1622. Fancy Sequence

Problem

Write an API that generates fancy sequences using the append, addAll, and multAll operations.

Implement the Fancy class:

• Fancy() Initializes the object with an empty sequence.

• void append(val) Appends an integer val to the end of the sequence.

• void addAll(inc) Increments all existing values in the sequence by an integer inc.

• void multAll(m) Multiplies all existing values in the sequence by an integer m.
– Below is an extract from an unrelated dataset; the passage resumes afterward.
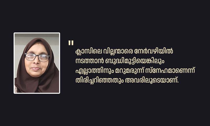 എന്റെ വിഷയം സോഷ്യല് സയന്സ് ആയതിനാല് ചുറ്റിലുമുള്ള എല്ലാ ജീവിതങ്ങളും എന്റെ ക്ലാസ് മുറിയില് ചര്ച്ചാ വിഷയമായി മാറിയിരുന്നു. പല വില്ലന്മാരെയും നേര്വഴിയില് കൊണ്ടുപോവാന് ബുദ്ധിമുട്ടായിരുന്നെങ്കിലും എല്ലാത്തിനുമുള്ള മറുമരുന്ന് സ്നേഹമാണെന്ന് ഞാന് തിരിച്ചറിഞ്ഞതും അവരിലൂടെ തന്നെയാണ്.

• int getIndex(idx) Gets the current value at index idx (0-indexed) of the sequence modulo 10^9 + 7. If the index is greater or equal than the length of the sequence, return -1.

  Example 1:

Input
["Fancy", "append", "addAll", "append", "multAll", "getIndex", "addAll", "append", "multAll", "getIndex", "getIndex", "getIndex"]
[[], [2], [3], [7], [2], [0], [3], [10], [2], [0], [1], [2]]
Output
[null, null, null, null, null, 10, null, null, null, 26, 34, 20]

Explanation
Fancy fancy = new Fancy();
fancy.append(2);   // fancy sequence: [2]
fancy.addAll(3);   // fancy sequence: [2+3] -> [5]
fancy.append(7);   // fancy sequence: [5, 7]
fancy.multAll(2);  // fancy sequence: [5*2, 7*2] -> [10, 14]
fancy.getIndex(0); // return 10
fancy.addAll(3);   // fancy sequence: [10+3, 14+3] -> [13, 17]
fancy.append(10);  // fancy sequence: [13, 17, 10]
fancy.multAll(2);  // fancy sequence: [13*2, 17*2, 10*2] -> [26, 34, 20]
fancy.getIndex(0); // return 26
fancy.getIndex(1); // return 34
fancy.getIndex(2); // return 20

  Constraints:

• 1 <= val, inc, m <= 100

• 0 <= idx <= 10^5

• At most 10^5 calls total will be made to append, addAll, multAll, and getIndex.

Solution

class Fancy {
    private static final int MOD = 1000000007;
    private int[] values = new int[8];
    private long add = 0;
    private long mult = 1;
    private long rMult = 1;
    private int size = 0;
    private int[] inverses = cache();

    public void append(int val) {
        long result = (val - add + MOD) * rMult % MOD;
        if (size >= values.length) {
            values = Arrays.copyOf(values, size + (size << 1));
        }
        values[size++] = ((int) result);
    }

    public void addAll(int inc) {
        add = (add + inc) % MOD;
    }

    public void multAll(int m) {
        mult = mult * m % MOD;
        add = add * m % MOD;
        rMult = rMult * inverses[m] % MOD;
    }

    public int getIndex(int idx) {
        if (idx >= size) {
            return -1;
        }
        return (int) ((mult * values[idx] + add) % MOD);
    }

    private int multiplicativeInverse(int x) {
        long y = 1;
        long m = (long) Fancy.MOD - 2;
        long p = x;
        for (int i = 0; 1L << i < m; i++, p = p * p % Fancy.MOD) {
            if ((m >> i & 1) == 1) {
                y = y * p % Fancy.MOD;
            }
        }
        return (int) y;
    }

    private int[] cache() {
        inverses = new int[101];
        inverses[0] = 0;
        inverses[1] = 1;
        for (int i = 2; i < inverses.length; i++) {
            inverses[i] = multiplicativeInverse(i);
        }
        return inverses;
    }
}

/**
 * Your Fancy object will be instantiated and called as such:
 * Fancy obj = new Fancy();
 * obj.append(val);
 * obj.addAll(inc);
 * obj.multAll(m);
 * int param_4 = obj.getIndex(idx);
 */

Explain:

nope.

Complexity:

• Time complexity : O(n).
• Space complexity : O(n).